Drug transporter and metabolic enzyme gene variants and fluvastatin adverse drug reactions in renal transplant recipients (CROSBI ID 668534)
Prilog sa skupa u časopisu | sažetak izlaganja sa skupa | međunarodna recenzija
Podaci o odgovornosti
Mirošević Skvrce, Nikica ; Božina, Nada ; Božina, Tamara ; Barišić, Ivan ; Zibar, Lada ; Pejnović, Lana ; Macolić-Šarinić, Viola
engleski
Drug transporter and metabolic enzyme gene variants and fluvastatin adverse drug reactions in renal transplant recipients
BACKGROUND. Statin use in transplant recipients had been hindered by concern about adverse drug reactions (ADRs).
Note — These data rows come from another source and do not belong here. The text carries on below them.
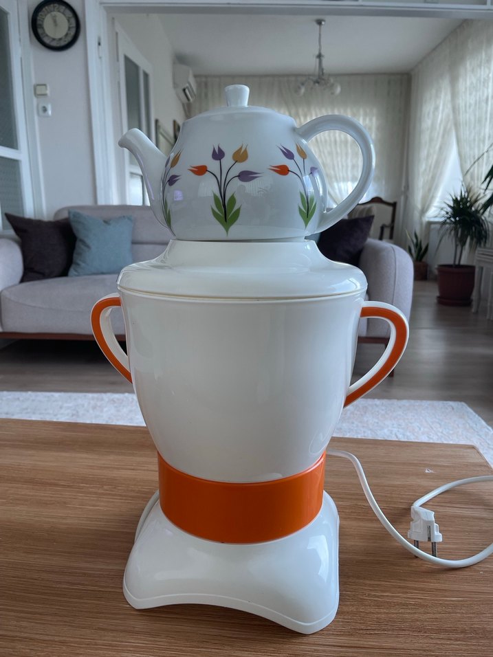 Üstünde çiçek desenleri olan beyaz elektrikli çaydanlık, turuncu detayları ve kıvrımlı kulp ve ağızlığı ile dikkat çekiyor.
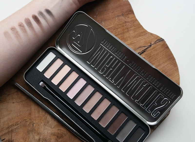 W7's Mighty Mattes eye shadow palette contains 12 matte eye shadow shades. The colours range from natural, peachy nudes to chocolate browns that are long lasting and highly pigmented. The shades can be used as transition colours or even as a blendable base.
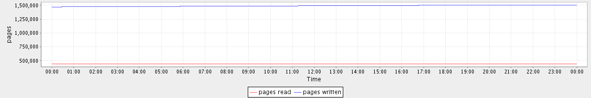 avg(pages read) = 442657.00 avg(pages written) = 1491091.68

Polymorphisms in genes encoding metabolic enzymes and drug transporters could be valuable predictors of fluvastatin ADRs. Fluvastatin is substrate of CYP2C9 and drug transporters ABCB1, ABCG2 and to a lesser extent of OATP1B1 and MRP2. METHODS. 52 renal transplant recipients (RTRs) that experienced fluvastatin induced ADRs and 52 control patients, were enrolled in the study. Blood samples of all participants were genotyped for CYP2C9*2, *3 ; ABCG2 421C>A ; ABCB1 2677C>T/A, 3435C>T, 1236C>T ; SLCO1B1 388 A>G, 521T>C ; MRP2 -24C>T, 1249G>A by means of Real-Time PCR methods. RESULTS. We found that variants of ABCG2 421C>A (p=0.005), CYP2C9*3 (p=0.012) and ABCB1 1236C>T (p=0.05), were associated with fluvastatin ADRs. Genotypes ABCG2 421CA, CYP2C9 *1/*3 and ABCB1 1236CC were statistically significantly more prevalent in the group of patients with adverse effects than in controls. Our results showed that polymorphism of ABCG2 gene (OR=3.81 ; 95% CI=1.27-11.45) is of more importance than of CYP2C9 (OR=2.44 ; 95% CI=1.05-5.71) and ABCB1 1236C>T (OR=2.38 ; 95% CI=1.04-5.47) in a subgroup of RTRs, being different from results of pharmacokinetic studies on healthy volunteers. Carriers of CYP2C9 mutant alleles (*2, *3), who had inhibitor in their therapy, had more than six times greater odds of having adverse effects than those without inhibitor in their therapy (OR=6.59 ; 95% CI=1.24-35.08). CONCLUSIONS. ABCG2, CYP2C9 and ABCB1 gene variants could be valuable predictors of fluvastatin ADRs. In real clinical settings pharmacogenetic predisposition could be of even more importance than in healthy volunteers.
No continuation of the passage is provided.